Take stock of how your body has dealt with the last few months. Is there a specific injury, niggle or health-related issue that you don’t want to limit your rugby next season?

Often there are nutritional strategies that you can employ to help build robustness in these circumstances. For example, eating more dairy products could help boost calcium intake, which may support bone healing (1). A diet high in fruit and vegetables may help to provide the body with more vitamin C, which could have downstream benefits to ligament and tendon health (2).

Taking the opportunity to work on these areas in the offseason often allows you to enjoy your rugby more when you get back to playing.

2. Individualise Your Goals

Not everyone needs to lose body fat to improve their performance. There will undoubtedly be players that could benefit from putting on a kilogram or two instead of trying to lose weight.

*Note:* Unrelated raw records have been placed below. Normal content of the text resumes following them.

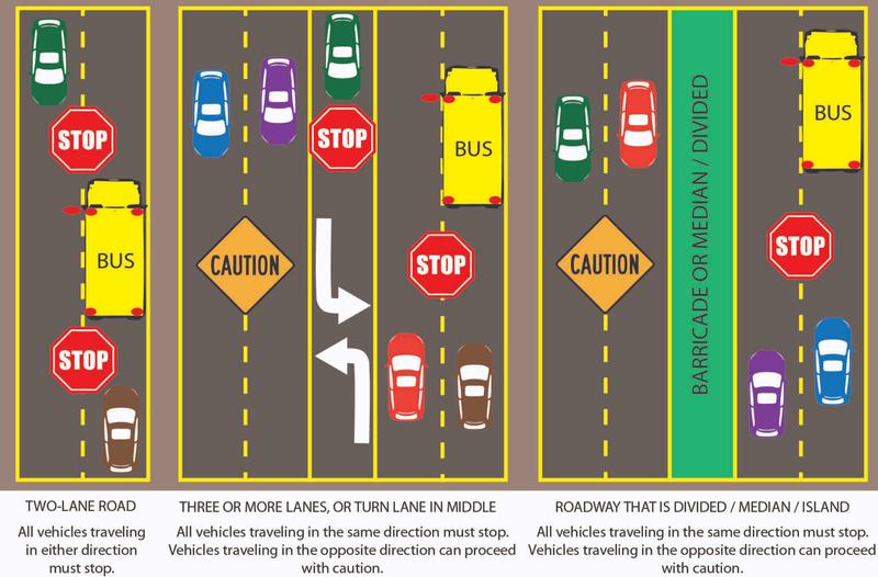 If you're driving behind a bus, allow a greater following distance than if you were driving behind a car. It will give you more time to stop once the yellow lights start flashing. It is illegal in all 50 states to pass a school bus that is stopped to load or unload children.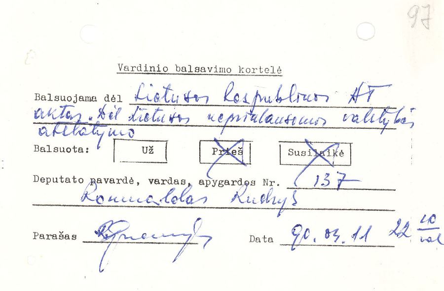 Lietuvos Respublikos Seimo archyvas. F. 2, ap. 1, b. 17, l. 97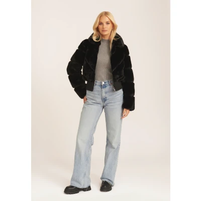 Gini London Womens Faux Fur Zip Front Short Jacket Black Size Medium/Large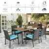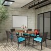 The spacious acacia wood tabletop provides plenty of space for you to prepare hearty dishes or drinks. What’s more, it can be used with an umbrella, so you still can enjoy your outdoor time in a hot day or rainy day. 6 ergonomic armchairs are equipped with soft cushions to relieve your fatigue, so that you will not be tired after sitting for a long time. This patio dining furniture set is a good choice to your backyard, balcony, patio, etc. Do not miss it!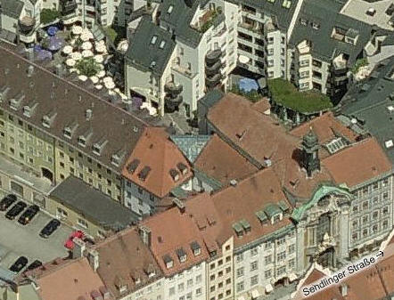 I discussed them in the Germany Diarios. The courtyard is amongst the umbrellas (below left and right.) The Asamhaus (Asam House) referred to (built in 1733) is to the left of the church (below right) on Sendlinger Stra�e.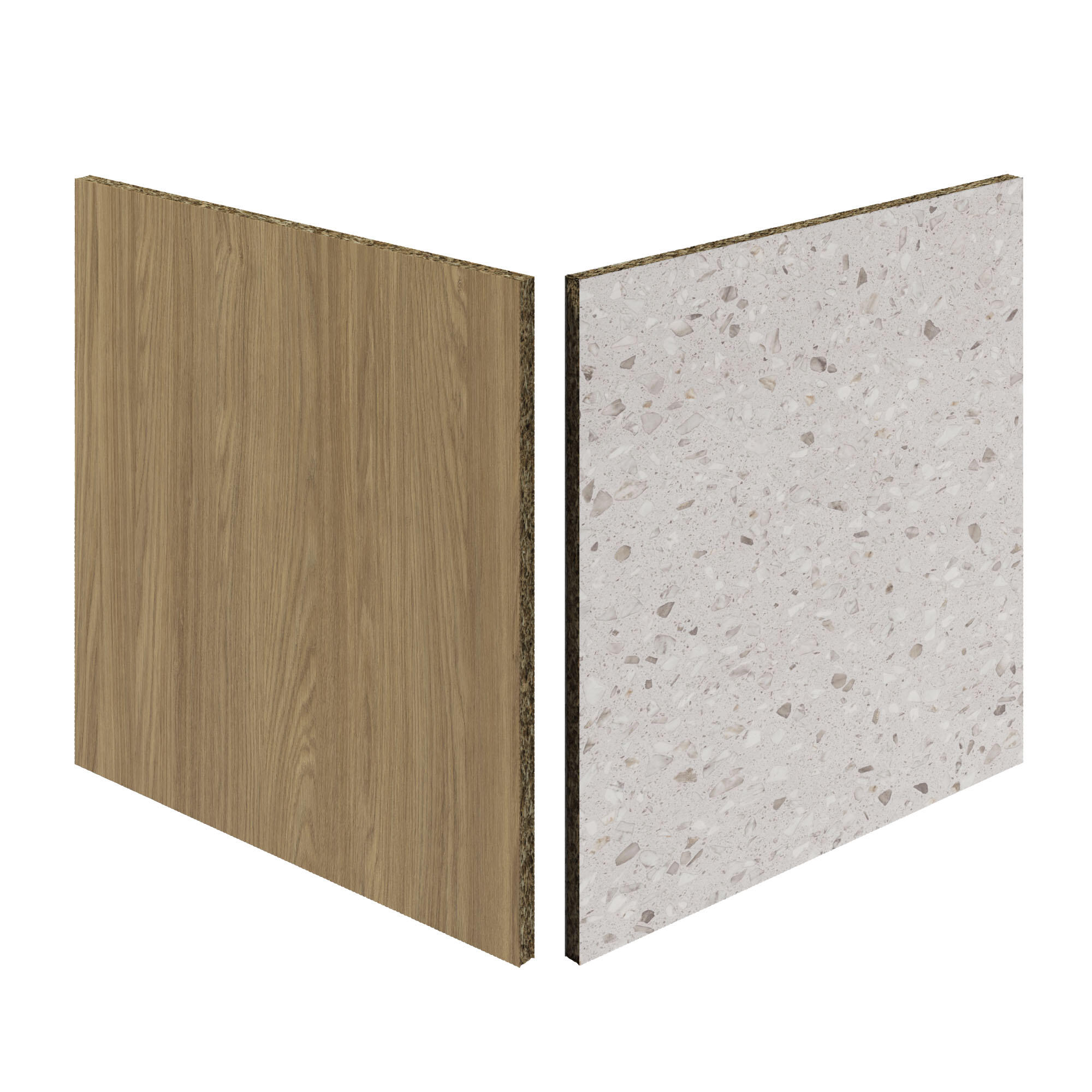 Crédence stratifié Chene arbois/Terrazzo granito L.300 x H.64 cm, Ep.9 mm

Keep in mind that just because your training partner has a goal, doesn’t mean you should have the same one! We naturally have a tendency for shared goals (3), especially in team sports, but this could easily backfire. For example, a low-carbohydrate diet may be suitable for a player trying to drop body fat, but that same diet could result in a young player losing valuable muscle mass. Needless to say, playing position also factors into this equation. A scrum-half is unlikely to need the same plan as a tight-head prop!

 

 

3. Be Mindful of Portion Size

The amount of calories your body needs tends to drop in the offseason, due to lower activity levels and a reduced amount of exercise (4).

Controlling portion size is one of the most effective ways of reducing overall calorie intake to help match your energy needs. Using a smaller plate for mealtimes has been shown to significantly reduce portion size and overall calorie intake (5).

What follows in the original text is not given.